### Recorded information
————————

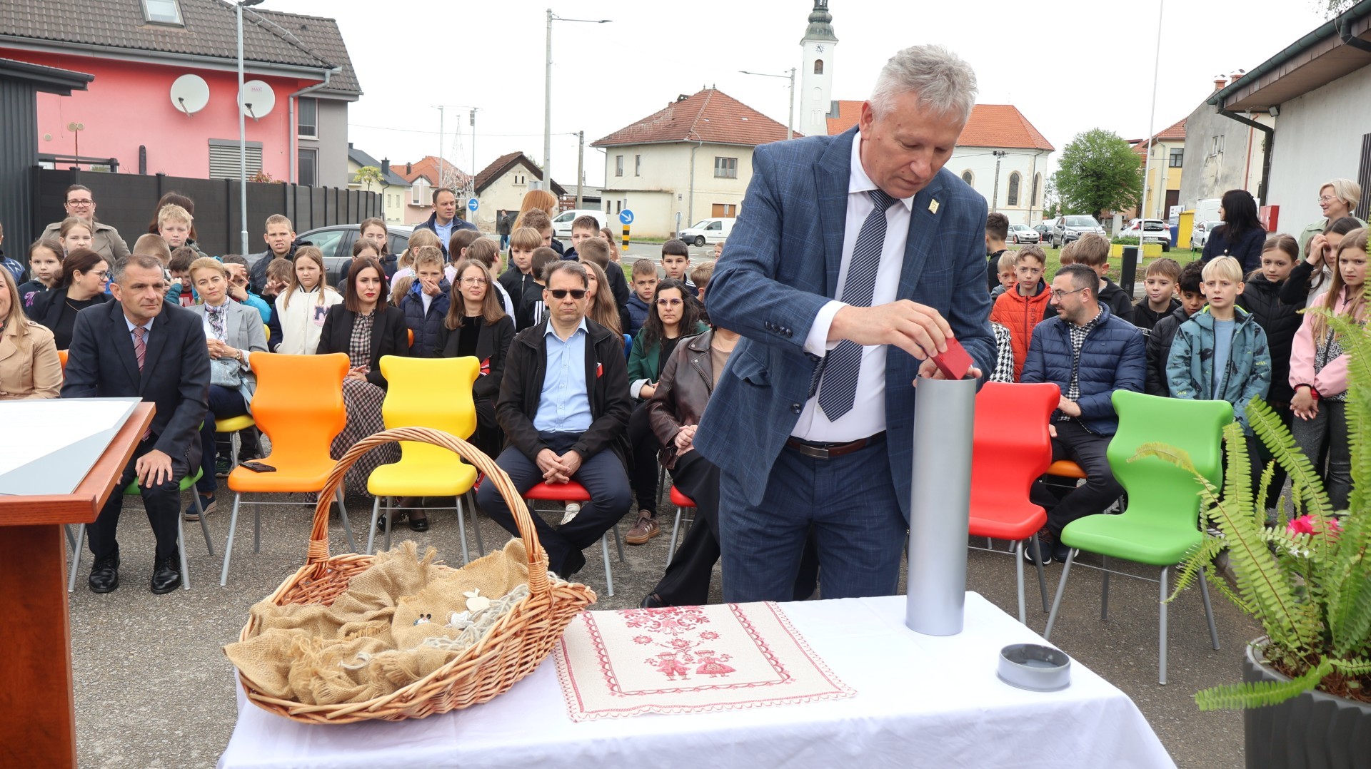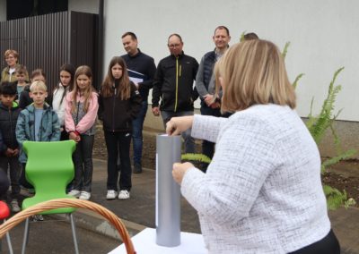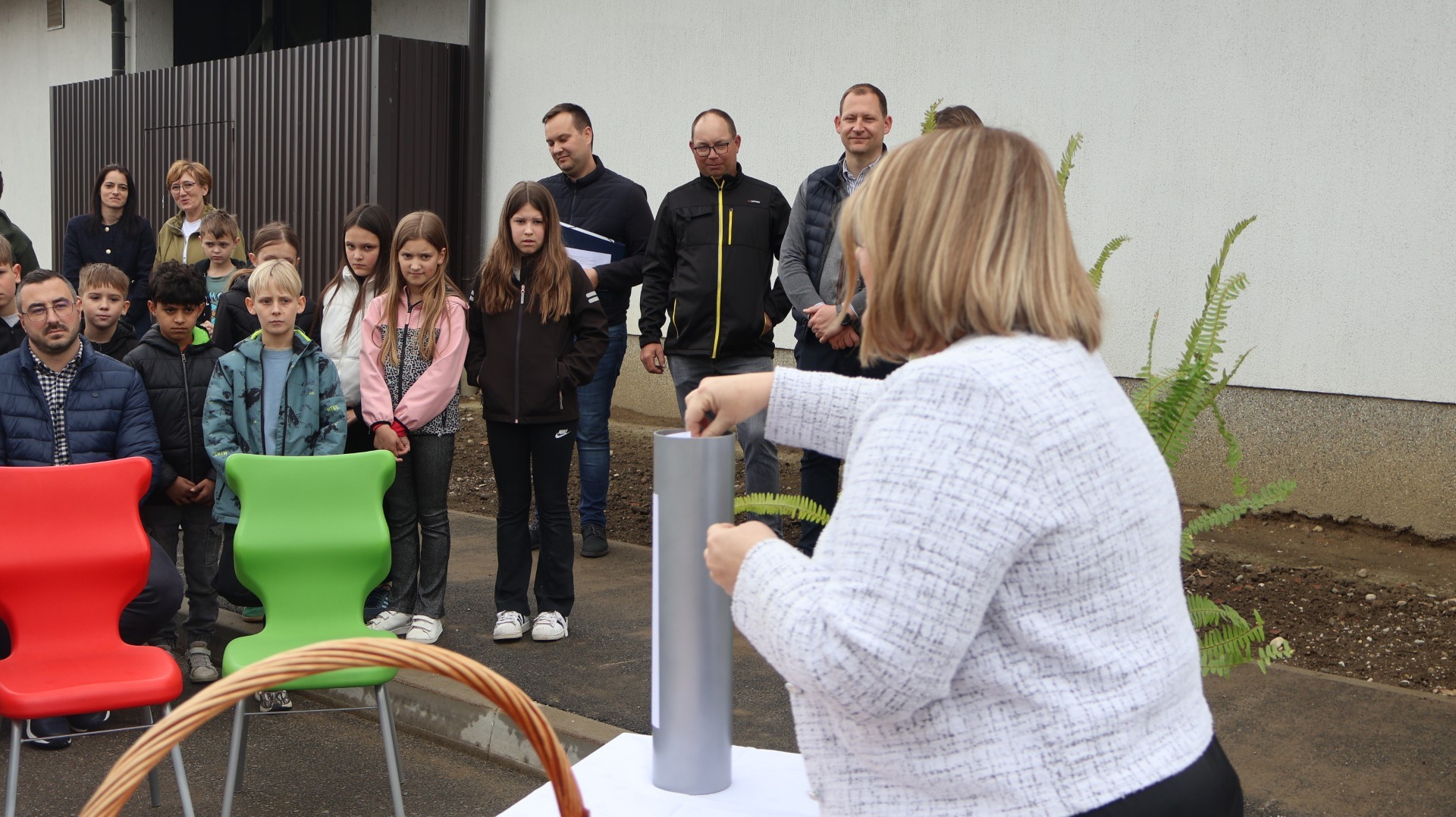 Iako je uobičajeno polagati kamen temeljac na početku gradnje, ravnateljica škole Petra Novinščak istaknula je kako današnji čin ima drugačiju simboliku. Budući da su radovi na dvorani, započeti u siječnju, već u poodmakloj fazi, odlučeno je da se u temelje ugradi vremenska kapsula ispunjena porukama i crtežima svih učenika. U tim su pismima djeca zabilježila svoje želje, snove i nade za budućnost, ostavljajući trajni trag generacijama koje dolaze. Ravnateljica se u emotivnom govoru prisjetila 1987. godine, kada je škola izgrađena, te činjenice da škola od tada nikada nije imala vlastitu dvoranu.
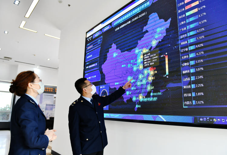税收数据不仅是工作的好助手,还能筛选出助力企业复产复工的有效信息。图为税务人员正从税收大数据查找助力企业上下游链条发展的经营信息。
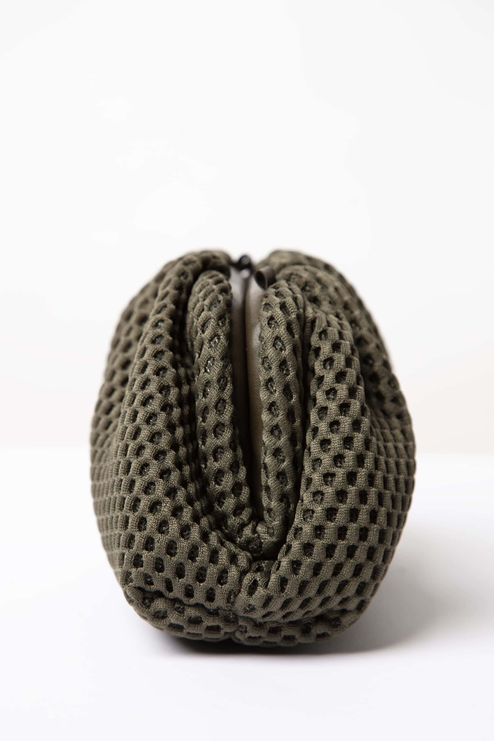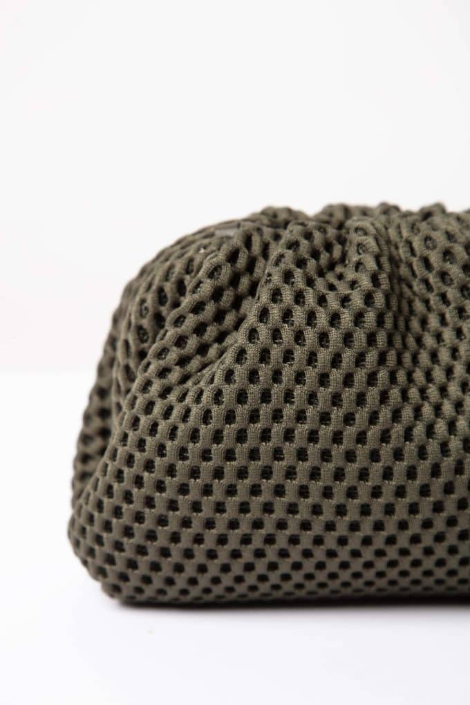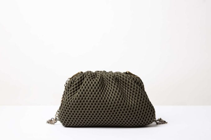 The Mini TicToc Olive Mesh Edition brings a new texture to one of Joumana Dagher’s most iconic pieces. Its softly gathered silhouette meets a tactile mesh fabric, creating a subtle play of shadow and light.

————————

### What to work on
Set down the line containing "税收数据不仅是工作的好助手,还能筛选出助", then every later line through the end of the material, exactly as written; omit any picture.

### Exercise solution
税收数据不仅是工作的好助手,还能筛选出助力企业复产复工的有效信息。图为税务人员正从税收大数据查找助力企业上下游链条发展的经营信息。
 The Mini TicToc Olive Mesh Edition brings a new texture to one of Joumana Dagher’s most iconic pieces. Its softly gathered silhouette meets a tactile mesh fabric, creating a subtle play of shadow and light.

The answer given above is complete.